Dean always feels a little bit guilty when he jerks further down Cass throat, but Cass just takes it, and Dean swears he's just about to come – he can feel it, this hot sensation settled all down his thighs, and he's counting the seconds – when Cass pulls away.
"You gotta stop doing that," Dean complains when Castiel peers up at him with red, kiss-swollen lips and shining eyes.
Dean pulls Castiel to his feet and kisses him again, harder this time, and Cass meets him eagerly with clashing teeth. Castiel's own jeans come next, and their a hell of a lot easier to get off than Dean's – almost like he planned this and knowing Cass, he probably did.
Dean turns their bodies around so Cass is back up against the tiled wall, and pulls his legs up to wrap around Dean's waist. Dean can't help but think about the way their bodies slot together perfectly, like their two pieces of a puzzle that fit together and together only and not with any of the other pieces that's attempted to from time to time.
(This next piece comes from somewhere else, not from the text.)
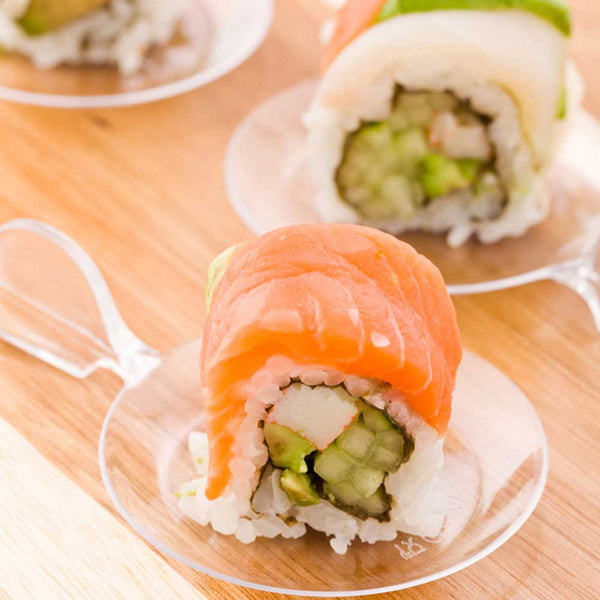 Set a stylish table with our Bundle: Mini Serve 100 Clear 3.7-inch Plastic Fish Tasting Plates with 100 Silver Plastic 4-inch Mini Spoons. This bundle includes elegant fish-shaped clear plastic plates and sleek silver plastic spoons. These fish-shaped plates complement any event tablescape with their modern design, providing a comfortable grip for guests while showcasing appetizers or desserts with their crystal-clear finish. The disposable design of these plates ensures quick cleanup, making them ideal for catered events. Accompanying these plates are the shiny silver plastic spoons, designed to effortlessly enhance the presentation of your tantalizing dishes with their 4-inch length, perfect for plating miniature bites like tuna tartare or personal-sized strawberry shortcakes. The sturdy handles of these spoons can handle hefty portions, from polenta to gelato, without compromising on elegance. Measuring 3.75 inches in length by 2.5 inches in width for the plates and 4 inches in length for the spoons, this bundle offers a convenient solution for upscale events. Each order includes 100 plastic plates and 100 mini spoons.

It's with this new friction, as they rut against each other, Cass saying his name in wild gasps, and the sounds of Iron Man 3 that Dean remembers that he loves him, that he really, really, God damn loves him more than he's loved just about anything.
Dean presses his face into the crook of Castiel's neck, inhaling the scent of that God awful cologne Mary got him last Christmas and sweat. Castiel's the first to let go between them, with a shudder and one last, "Dean!" And Dean follows quickly, fingers digging into Castiel's hips as he rides out his orgasm steadily.
When it's over, and they've both fallen, Castiel kisses him roughly with a mouth that tastes faintly of salt, and says, "So, we can this again for all the other Marvel movies, right?"
Later, at three in the morning, when they're driving home from Iron Man 3, Gabriel blurts out, "Dude, if you guys weren't too busy having sex in the bathrooms, you wouldn't have missed out on the best movie ever!"
The soda the spurts out of Sam's nose and all over Gabriel is totally worth the embarrassment.